Once you reach the line with "重钢集团公布2014年主要目" below, copy each line exactly, stopping after the line with "Yrill Ensemble de", and skip any pictures.

■ Source information ■
···
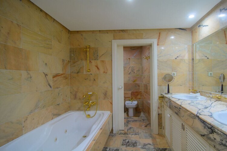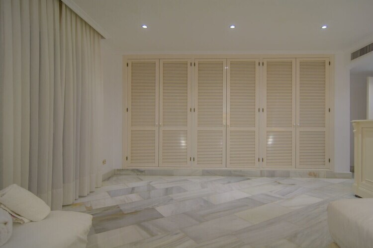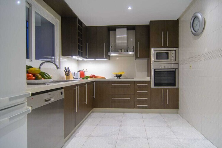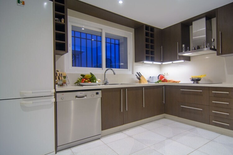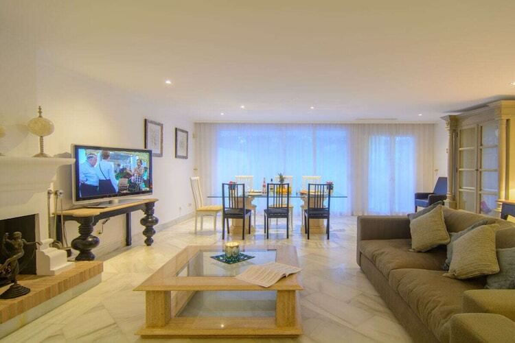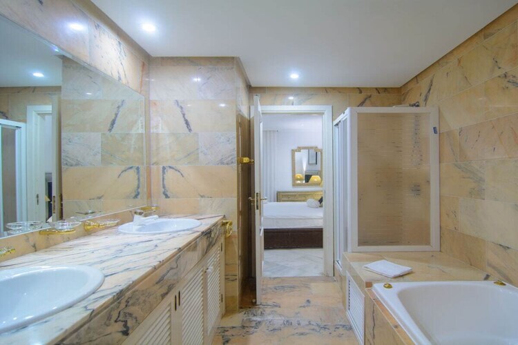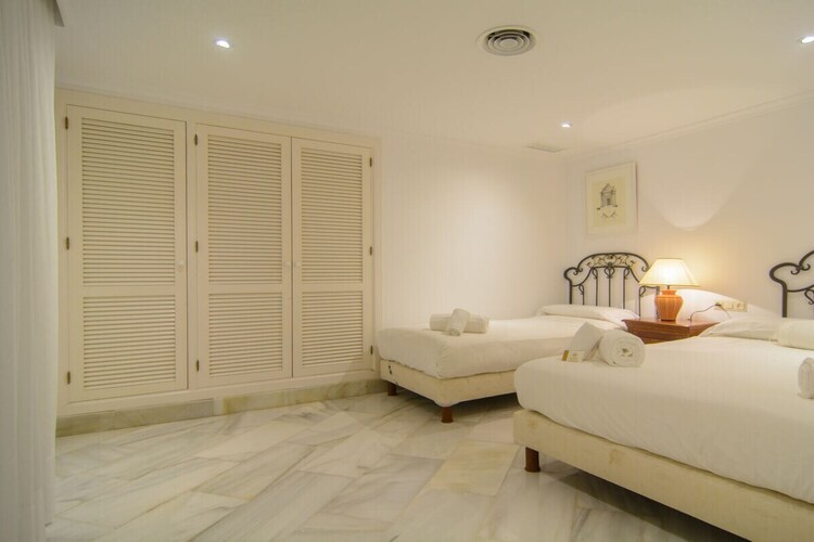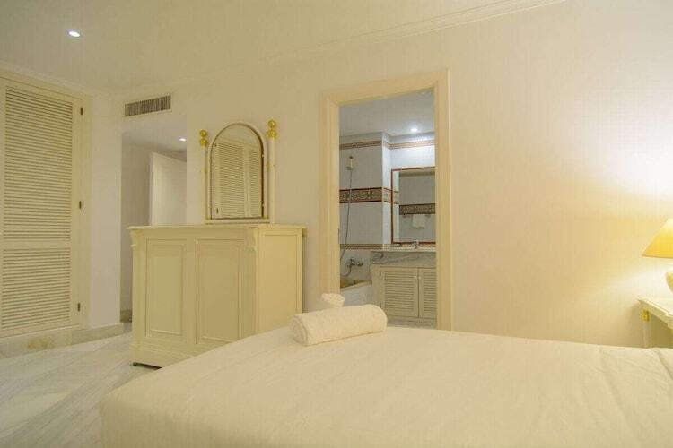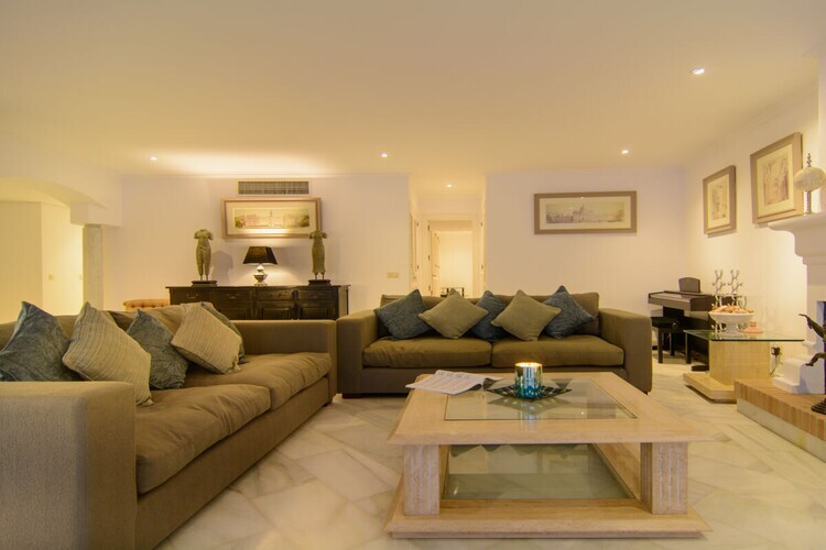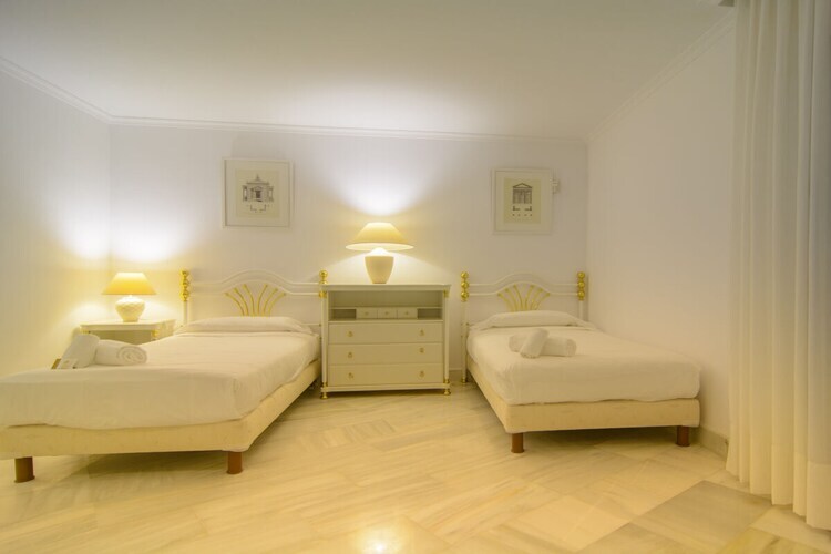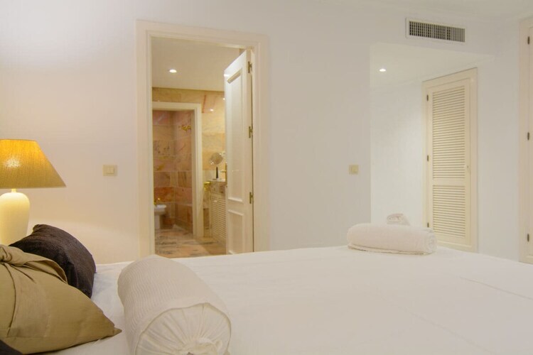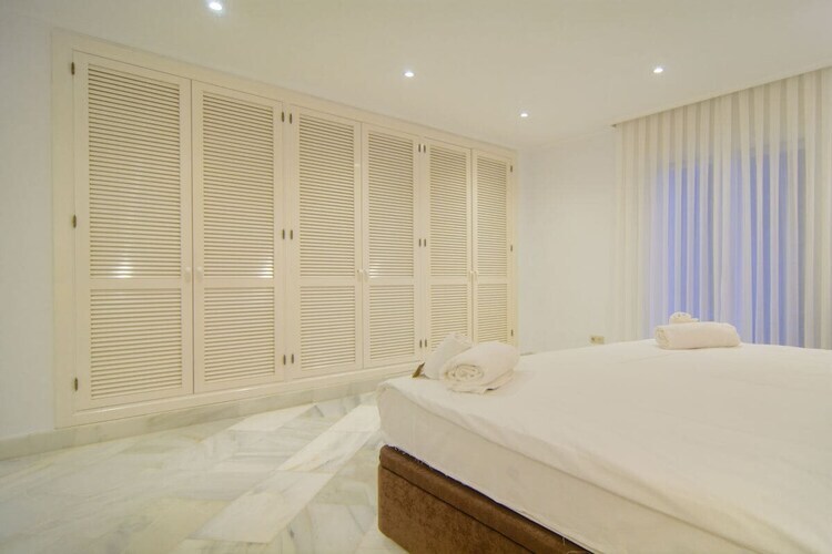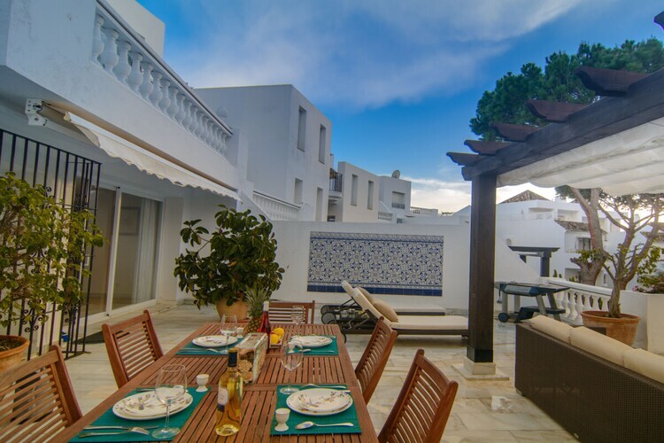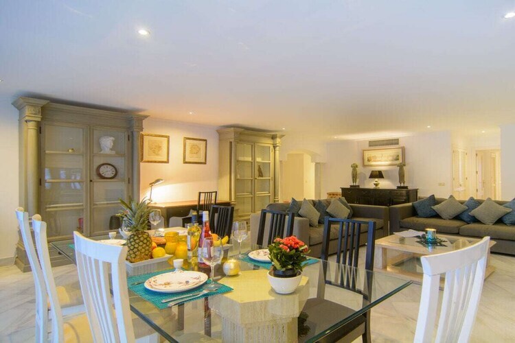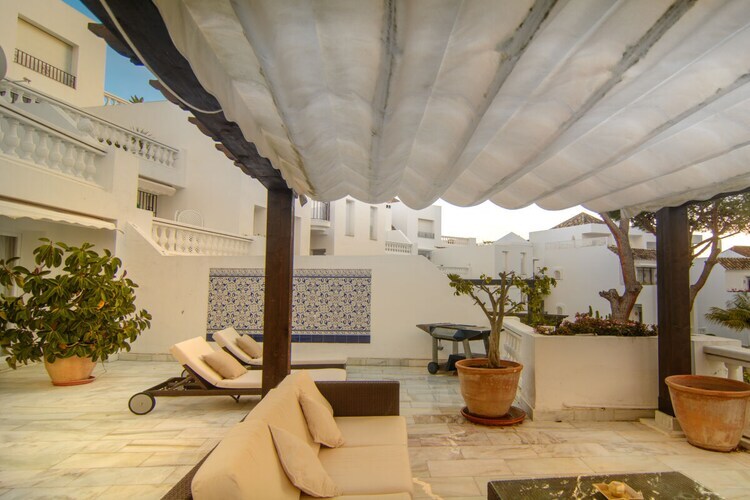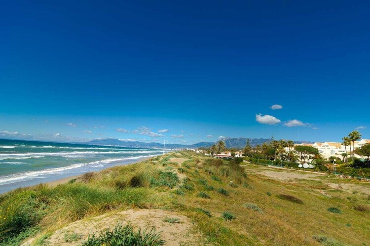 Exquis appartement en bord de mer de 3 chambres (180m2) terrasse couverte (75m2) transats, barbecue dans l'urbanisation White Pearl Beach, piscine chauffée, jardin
···
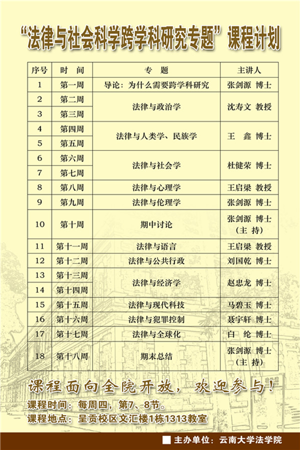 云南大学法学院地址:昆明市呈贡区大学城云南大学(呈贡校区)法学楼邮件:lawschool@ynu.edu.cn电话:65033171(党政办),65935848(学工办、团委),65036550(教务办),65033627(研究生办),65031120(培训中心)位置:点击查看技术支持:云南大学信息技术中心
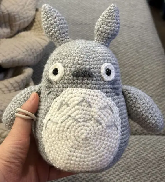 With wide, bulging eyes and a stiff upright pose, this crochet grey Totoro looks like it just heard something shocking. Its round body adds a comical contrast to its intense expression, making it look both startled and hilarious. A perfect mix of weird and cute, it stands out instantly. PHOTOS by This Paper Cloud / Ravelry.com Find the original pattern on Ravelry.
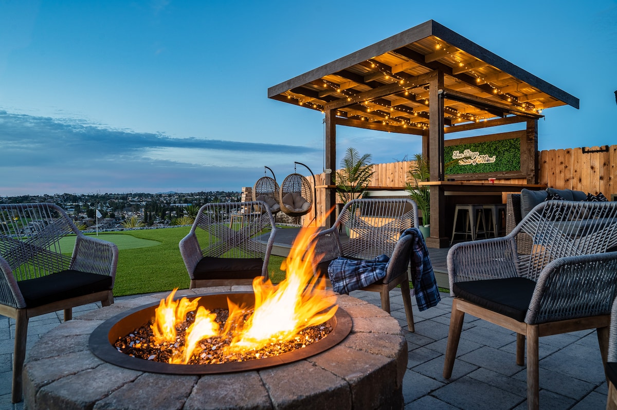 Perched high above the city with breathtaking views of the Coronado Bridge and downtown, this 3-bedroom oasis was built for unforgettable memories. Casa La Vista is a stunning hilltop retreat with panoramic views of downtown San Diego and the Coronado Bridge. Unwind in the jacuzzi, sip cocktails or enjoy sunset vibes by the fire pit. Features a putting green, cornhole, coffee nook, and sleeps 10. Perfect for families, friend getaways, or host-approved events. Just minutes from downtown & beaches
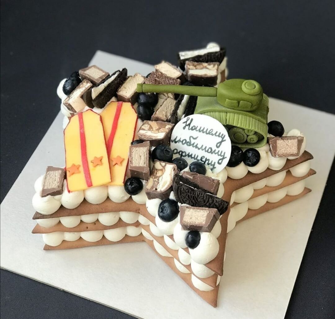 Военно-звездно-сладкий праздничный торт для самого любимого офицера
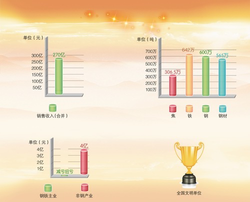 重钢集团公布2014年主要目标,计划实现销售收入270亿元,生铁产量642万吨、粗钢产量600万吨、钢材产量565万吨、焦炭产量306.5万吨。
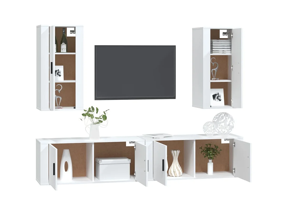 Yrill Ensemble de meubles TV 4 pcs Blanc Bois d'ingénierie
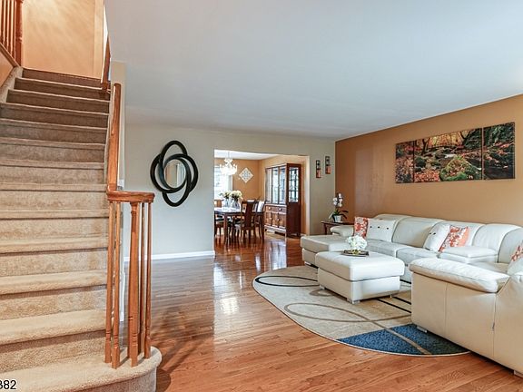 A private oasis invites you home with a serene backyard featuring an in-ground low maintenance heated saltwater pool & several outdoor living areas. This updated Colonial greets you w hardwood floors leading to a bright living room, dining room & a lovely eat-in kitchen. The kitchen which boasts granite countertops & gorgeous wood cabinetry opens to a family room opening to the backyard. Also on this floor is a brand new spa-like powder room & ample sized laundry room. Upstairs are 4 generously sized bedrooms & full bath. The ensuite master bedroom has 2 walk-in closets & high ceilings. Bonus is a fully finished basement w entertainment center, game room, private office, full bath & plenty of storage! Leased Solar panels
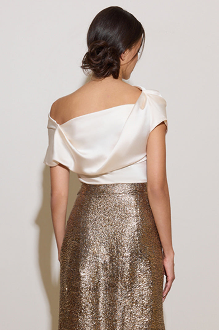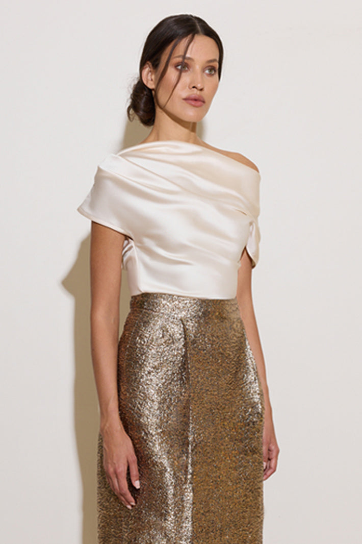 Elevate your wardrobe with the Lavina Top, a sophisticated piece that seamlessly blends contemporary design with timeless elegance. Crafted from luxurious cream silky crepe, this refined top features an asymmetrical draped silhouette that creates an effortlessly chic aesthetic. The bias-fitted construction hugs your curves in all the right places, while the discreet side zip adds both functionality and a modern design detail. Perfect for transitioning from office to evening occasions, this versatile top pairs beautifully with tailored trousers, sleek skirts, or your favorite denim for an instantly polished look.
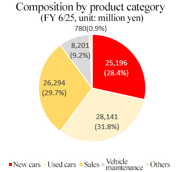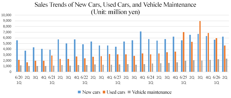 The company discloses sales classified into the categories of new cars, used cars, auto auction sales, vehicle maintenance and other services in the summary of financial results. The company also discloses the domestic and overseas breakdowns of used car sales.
···
■ Your solution ■
 重钢集团公布2014年主要目标,计划实现销售收入270亿元,生铁产量642万吨、粗钢产量600万吨、钢材产量565万吨、焦炭产量306.5万吨。
 Yrill Ensemble de meubles TV 4 pcs Blanc Bois d'ingénierie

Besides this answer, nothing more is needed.